Text Audry Wajwakana
Image Private collection
PARAMARIBO —Two years after her first book ‘Life steps in Javanese life’, writer, lawyer, coach and intervision supervisor Judith Sandriman comes with the second part of a series that will include several parts. From the Netherlands, she has been studying Javanese traditions and rituals for years, with special attention to the culinary side. In her new book she focuses on three phases of life: coming of age, marriage and the commemoration of the birthday, the so-called weton.
“Rituals are not the past; they are our compass for the present,” she says. She wants to show that traditions still guide how people live, make choices and relate to each other. The second part was launched in the Netherlands on Saturday and will also be available in Suriname.
Circumcision and marriage
The book focuses on the transition from child to adult. The author describes how within the Javanese community this phase is not only experienced individually, but is supported collectively. Rituals such as male circumcision, known in Javanese as sunat, mark that transition and symbolize purification, responsibility and connection to a new life role. “The community celebrates the transition with you: from boy to man, from girl to woman,” says Sandriman.
To experience the experience up close, she attended ceremonies. This creates a book that is not only informative, but also personal and recognizable
At the same time, this celebration is accompanied by clear expectations. “You are also made aware of: ‘pay attention, don’t do crazy things anymore’.” This social control and protection is reflected in the stories she collected. For example, she tells about a woman who, after a relationship of several months, unexpectedly ended up in a fully organized wedding party. Her parents had decided it was time to get married. According to Sandriman, this shows how traditions can sometimes be compelling, but also arise from a protective idea. Parents want to prevent their children from “moving from one relationship to another” and choose to guide them towards a stable marriage.
She describes the wedding itself as a deeply symbolic moment in which not only two people, but also two families are connected. She pays a lot of attention to the meaning of ritual elements, such as richly decorated bouquets. According to her, these are “actually a kind of letter with wishes” for the bridal couple, focusing on themes such as care, fertility and steadfastness. Sandriman emphasizes that she deliberately did not opt for a practical manual. “I didn’t want to make a handbook. I wanted to make a book that – if it excites you – you can look for further information.” She provides interpretation and background so that readers can understand the deeper meaning of rituals.
Avoid repetition
Another important subject is the weton, which in her view functions as a kind of personal compass. On this basis, important moments in life are determined, such as when it is best for someone to get married, move or take a new step. This calculation even plays a role in the event of death. In addition to rituals, the author pays a lot of attention to food, an aspect for which she has a special passion. She included recipes in her first book, but she consciously chose to avoid repetition. For example, she does not discuss again the berkat that occurs in every gendur (joint prayer).
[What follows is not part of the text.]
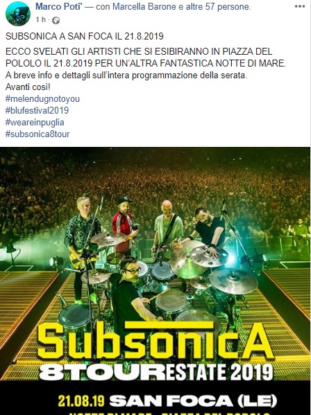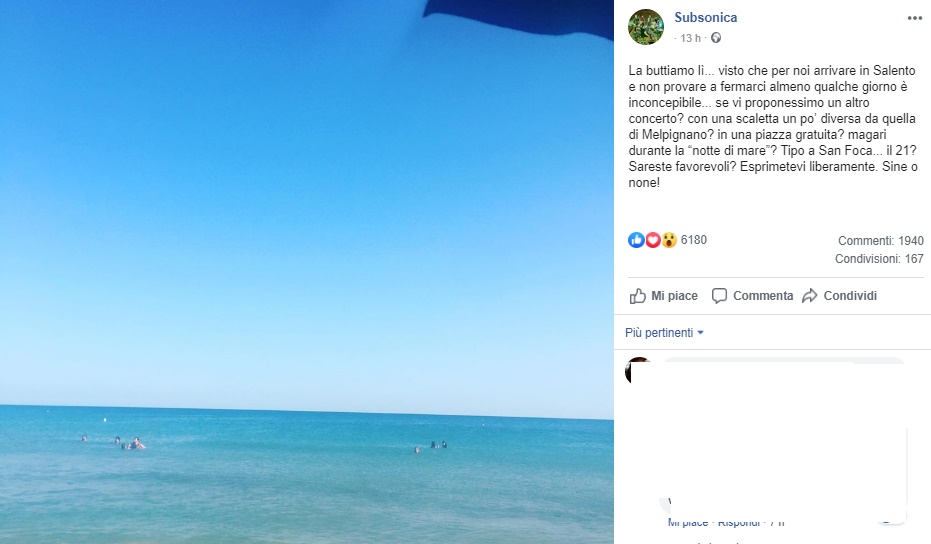 LECCE- Lì dove l’emozione è sempre più grande, lì dove ritrovano ogni volta casa. Sì i Subsonica vogliono omaggiare il Salento, che nel 2000 regalò loro una serata memorabile a Torre Sant’Andrea… Hanno deciso di farlo dopo la tappa a Melpignano, lanciando un appello su Facebook in cui hanno proposto un concerto gratuito, magari per il prossimo 21 agosto a San Foca.
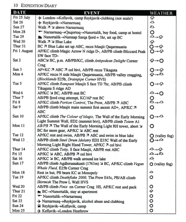 1997 Scottish Torssukatak Spires Expedition: second ascent of Agdlerussakasit, first ascent of Maujit Qaqarssuasia with Pete Benson, Andy Benson, Kenton Cool and Al Powell. Approaching from camps west of the Torssukatak towers, they made 18 ascents. This included the first ascent of the main (highest) summit of Maujit Qaqarssuasia, and two routes on its South Face - 'Rampant' and 'Totty'. They also made the second ascent of Agdlerussakasit.

To experience the experience up close, she attended ceremonies. This creates a book that is not only informative, but also personal and recognizable
In book two she added new dishes, including vegetarian options. In doing so, she shows that food is inextricably linked to rituals and community. In both books the emphasis is on the role of women. According to Sandriman, many existing descriptions of Javanese traditions are written by men, leaving women’s perspectives underexposed. She tries to correct this by paying attention to their role within rituals, the household and the culinary domain. In doing so, she also makes topics for discussion that are often less explicitly discussed, such as the transition to adulthood for girls and expectations within marriage.
Activities
During her research, Sandriman spoke with cultural experts, including Pak Sapto Sopawiro, and people who have experienced or organized traditional rituals themselves. She weaves those stories into one whole. To experience the experience up close, she visited ceremonies. This creates a book that is not only informative, but also personal and recognizable.
Sandriman gives presentations, often in combination with workshops or meetings that tie in with the themes from her book. For her it is important that it does not stop at reading, but that people also come together to experience the meaning of these traditions. She especially wants to create awareness by sharing her stories and providing context. “Because traditions only really live on when people understand what they mean,” she emphasizes.-.